In the lead up to the law being passed, there was the forced evacuation of the Jewish settlements Amona and Ofra in the West Bank. Chachko writes that this new law is “widely viewed as compensation offered by the Israeli government to the settlers to offset the politically damaging evacuations.”
But not everyone agrees with this policy.
In fact, “Israel's Supreme Court has a long precedent since 1979 that said you cannot take private Palestinian land” underlines Erakat.
She adds that even Prime Minister Netanyahu finds himself to the left of Israel's liberal establishment movement on this issue, and “disapproved of this [law]” along with Israel’s former Foreign Minister Tzipi Livni.
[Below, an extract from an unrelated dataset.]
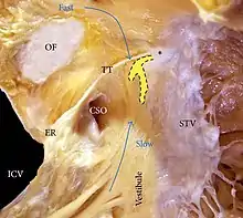 Koch's triangle, named after the German pathologist Walter Koch,[1] is an anatomical area located in the superficial paraseptal endocardium of the right atrium, which its boundaries are the coronary sinus orifice, tendon of Todaro, and septal leaflet of the right atrioventricular valve.[2] It is anatomically significant because the atrioventricular node is located at the apex of the triangle. Also the elements anatomically near to it are the membranous septum and the Eustachian ridge. This triangle ends at the site of the coronary sinus orifice inferiorly and, continuous with the sub-Eustachian pouch. The tendon of Todaro forms the hypotenuse of the triangle and the base is formed by the coronary sinus orifice and the vestibule of the right atrium. Variations in the size of Koch's triangle are common.

She adds “there isn't a consensus; this is a right-wing settler initiative that the Knesset has passed but that Israel's own judicial branch will likely overcome.”
Ministers from the right-wing Jewish Home party, including members from the Yesha Council - an umbrella organization of municipal councils of Jewish settlements in the West Bank - were asked to comment on this law, but they all declined to speak.
As Erakat mentioned, the Supreme Court does have a history of upholding precedents, which is why the law is being appealed before the Supreme Court.
Suhad Bishara is a senior lawyer specializing in land and planning rights at Adala: an independent human rights organization and legal centre that promotes and defends the rights of Palestinian Arabs in Israel, as well as those in the territories. She has been working to appeal this case to the Supreme Court.
The petition to appeal is based on two main arguments: firstly, that the law cannot “be valid in the occupied territories, in the West Bank because it clearly violates international humanitarian law, which should be their legal framework by the occupying power Israel” explains Bishara.
Secondly, this law “violates the basic rights of the Palestinians in the West Bank” she adds, therefore it violates Israel’s Basic law that aims to protect human dignity and liberty. Bishara goes on to explain if a law violates the rights listed under the Basic law in more than one way, then it can be declared by the Supreme Court as “ unconstitutional and cancelled”.
When the Regularization law was passed in February, the attorney general, Avichai Mandelblit, refused to defend it and said he would not represent the government in relation to this law.
At present, no court date has yet been set for the appeal, but both Erakat and Bishara expect it to be some time soon.
But when that time comes, Bishara remains hopeful that that law itself will be appealed given the attorney general has already decided not to defend it.
That means the government will not be represented by Mandeblit, but rather by a private law firm.
In addition to that, Bishara says other groups have been petitioning against the law, along with regular Israeli citizens.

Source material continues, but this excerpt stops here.